Namun, Muhammadiyah, termasuk NU, kiranya memiliki justifikasi kuat untuk tetap menerima tawaran itu dengan konsekuensi yang sebenarnya cukup berisiko. Mengapa demikian?
NU-Muhammadiyah Sampel Keberanian?
Risiko memang selalu hadir dalam setiap keputusan organisasi. Terlebih, yang terkait dengan sentimen masyarakat. Akan tetapi, justifikasi tentu dimiliki oleh NU dan Muhammadiyah di mana mendasari keputusan tersebut.
Salah satu alasan normatif yang memiliki probabilitas mendasari ormas keagamaan sebagai penerima konsesi tambang adalah konsep eko-teologi.
Konsep tersebut menggabungkan perhatian terhadap ekologi dengan ajaran agama, menekankan bahwa menjaga bumi adalah tugas spiritual.
Selain tawaran dan deal tertentu di baliknya, NU dan Muhammadiyah kiranya mengambil justifikasi bahwa mereka memang memiliki kewajiban moral untuk menjadi teladan dalam pengelolaan lingkungan hidup.
Selain kemampuan teknis dalam pengelolaan tambang, operasional pertambangan harus dinilai secara kritis dan dikelola sesuai dengan nilai-nilai eko-teologis. Hal ini bertujuan untuk meminimalkan dampak negatif terhadap lingkungan dan mendorong upaya restorasi ekologi.
Ormas keagamaan, yang dipandu oleh ajaran dan nilai agama yang menekankan pentingnya menjaga alam, berpotensi untuk lebih bertanggung jawab dalam mengelola sumber daya alam. Tentu, itu yang diharapkan.
Mereka pun memiliki peluang untuk mengadopsi praktik pertambangan berkelanjutan yang meminimalkan kerusakan lingkungan serta memastikan bahwa kegiatan pertambangan dilakukan dengan menjunjung etika yang tinggi.
Selain itu, ormas keagamaan juga memiliki kemampuan untuk mendidik masyarakat tentang pentingnya menjaga lingkungan. Mereka dapat mengadvokasi praktik-praktik yang ramah lingkungan dan melibatkan komunitas lokal dalam upaya restorasi ekologi.
Dibandingkan dengan perusahaan swasta yang mungkin lebih fokus pada keuntungan, ormas keagamaan dapat dianggap lebih transparan dan akuntabel.
Hal ini dikarenakan mereka diawasi oleh komunitas mereka sendiri dan harus mempertanggungjawabkan tindakan mereka tidak hanya di hadapan publik, melainkan yang paling penting, kepada Tuhan.

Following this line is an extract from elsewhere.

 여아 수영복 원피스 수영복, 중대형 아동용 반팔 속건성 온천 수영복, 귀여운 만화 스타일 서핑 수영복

Lebih jauh lagi dan masuk ke ranah praktikal, pemberian konsesi tersebut mungkin bertujuan untuk memenuhi tujuan yang disiratkan oleh Menteri Lingkungan Hidup dan Kehutanan Siti Nurbaya Bakar.
Menurut politisi Partai NasDem itu, eksistensi ormas keagamaan, dengan segala kekuatannya, bisa saja mereduksi pungutan liar, ormas liar, dan para penguasa lokal yang menghambat serta menambah biaya tambahan bagi investasi dan pertumbuhan ekonomi melalui sektor pertambangan.

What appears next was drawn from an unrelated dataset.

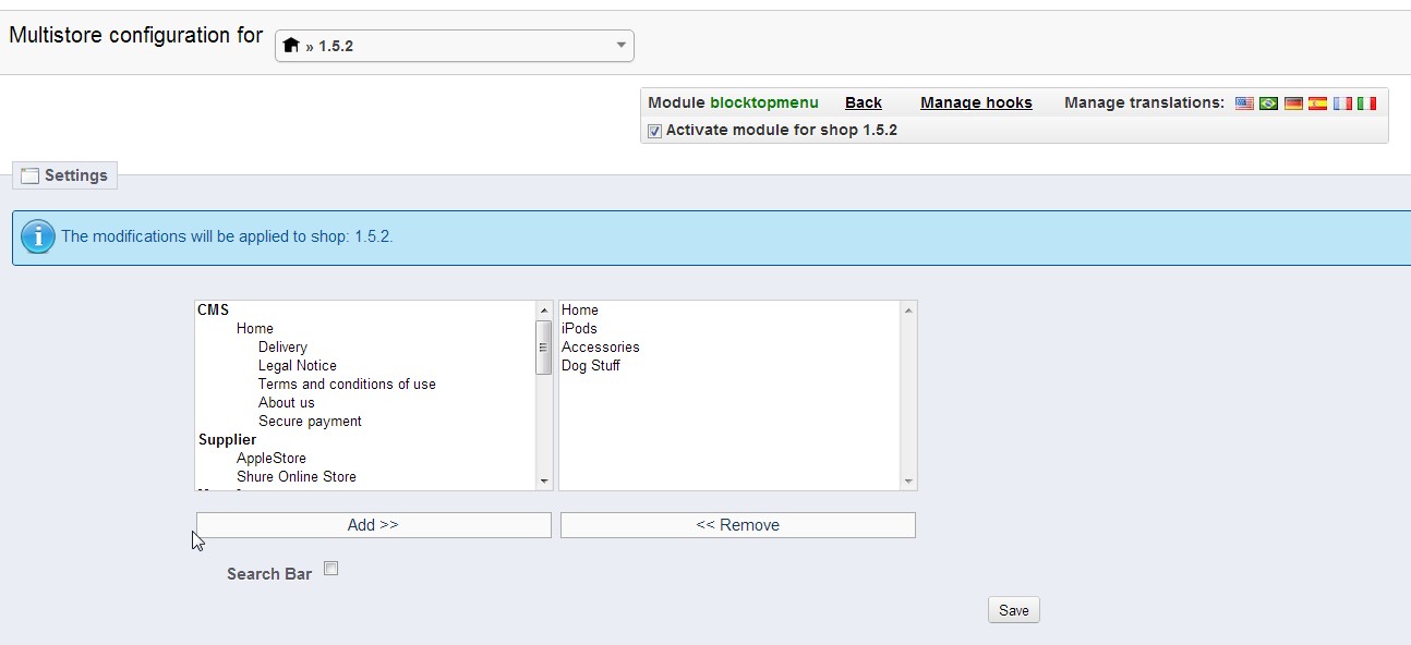 is there any known bugs with prestashop 1.5.2 when adding or creating new category to show in the top menu ?

Namun demikian, terdapat beberapa kekhawatiran mengenai pemberian ruang bagi ormas keagamaan untuk mengelola tambang. Utamanya, yang bersifat politis dan mempertaruhkan marwah ormas keagamaan itu sendiri.
No Turning Point?
Pada praktiknya, kendati memiliki landasan moral yang kuat untuk menjaga alam, tidak ada jaminan pasti bahwa pengelolaan tambang oleh ormas keagamaan akan selalu mematuhi prinsip-prinsip eko-teologi.
Terdapat risiko bahwa kepentingan ekonomi dan politik dapat lebih dominan daripada tanggung jawab ekologi. Terutama jika ada tekanan untuk menghasilkan pendapatan atau mencapai target tertentu serta tak berhasil melampaui kepentingan stakeholder lain di dalam ekosistem pertambangan yang telah lama eksis.

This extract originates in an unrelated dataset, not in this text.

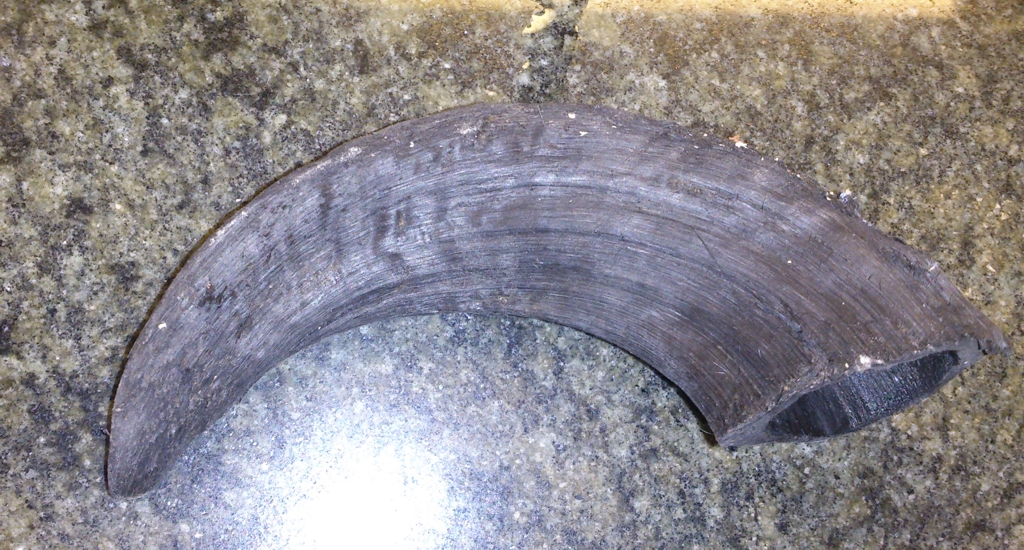 Hier ein Foto des Bogens vorm tillern Hier sieht man rechts vorm Ende die deflexe Stelle. Das war mir zuviel deflex, deswegen habe ich gleich mal was ausprobiert, nämlich das biegen von Traubenkirsche mit der HLP. Geht gut, aber ich bevorzuge die Dampfmethode. An der Stelle ist dann auch das Holz bauchseitig eingerissen, war aber klar, denn ich hatte die Stelle zu Anfang schon einmal gebogen (der Deflex war noch deutlich grösser). Macht aber nix, da zu dem Zeitpunkt schon klar war, dass noch Hornverstärkungen drauf kommen. Was aber mit der HLP ganz hervorragend funktioniert hat, war Drehwuchs wegzuföhnen - den hatte ich schon weg gedämpft, der kam aber bei dieser Biegeaktion wieder zurück. Die andere Seite hab ich auch noch zurecht gebogen, das ging ohne Risse. Dann konnte ich auch gleich mal Schafhorn testen - das hat sich doch glatt als optischer Leckerbissen herausgestellt (kommt in der Präsi) Nachdem ich dann zwischenzeitlich auch noch meine Einfach-Bruchtest-Variante durchgeführt hatte, war klar, dass der Bogen ein Backing bekommt - hierzu hab ich wieder meinen bewährten Leinenstoff genommen, dieses Mal aber doppelt, um dem Kernholz mehr abzuverlangen - denn ich wollte wissen, ob das Holz knittert, woran ich von Anfang an nicht geglaubt hab.

Selain itu, kekhawatiran bahwa pemberian konsesi tambang kepada ormas keagamaan bisa menjadi alat politik kiranya tak bisa dikesampingkan begitu saja.
Ketika sudah berjalan, boleh jadi mereka mungkin akan lebih rentan menjadi bumper politik atau alat bagi pihak-pihak yang berkepentingan untuk mencapai tujuan tertentu.
Risiko lainnya, adalah ormas keagamaan dapat menjadi sandera politik, baik dalam kontestasi elektoral maupun saat berhadapan dengan kebijakan pemerintah dan irisannya dengan kelompok-kelompok lain.
Pemberian konsesi tambang juga bisa menjadi transaksi, di mana keberpihakan politik atau sosial dibarter dengan akses ke sumber daya alam. Ihwal yang membuka peluang terciptanya ekosistem rasuah baru yang bisa merugikan masyarakat dan lingkungan.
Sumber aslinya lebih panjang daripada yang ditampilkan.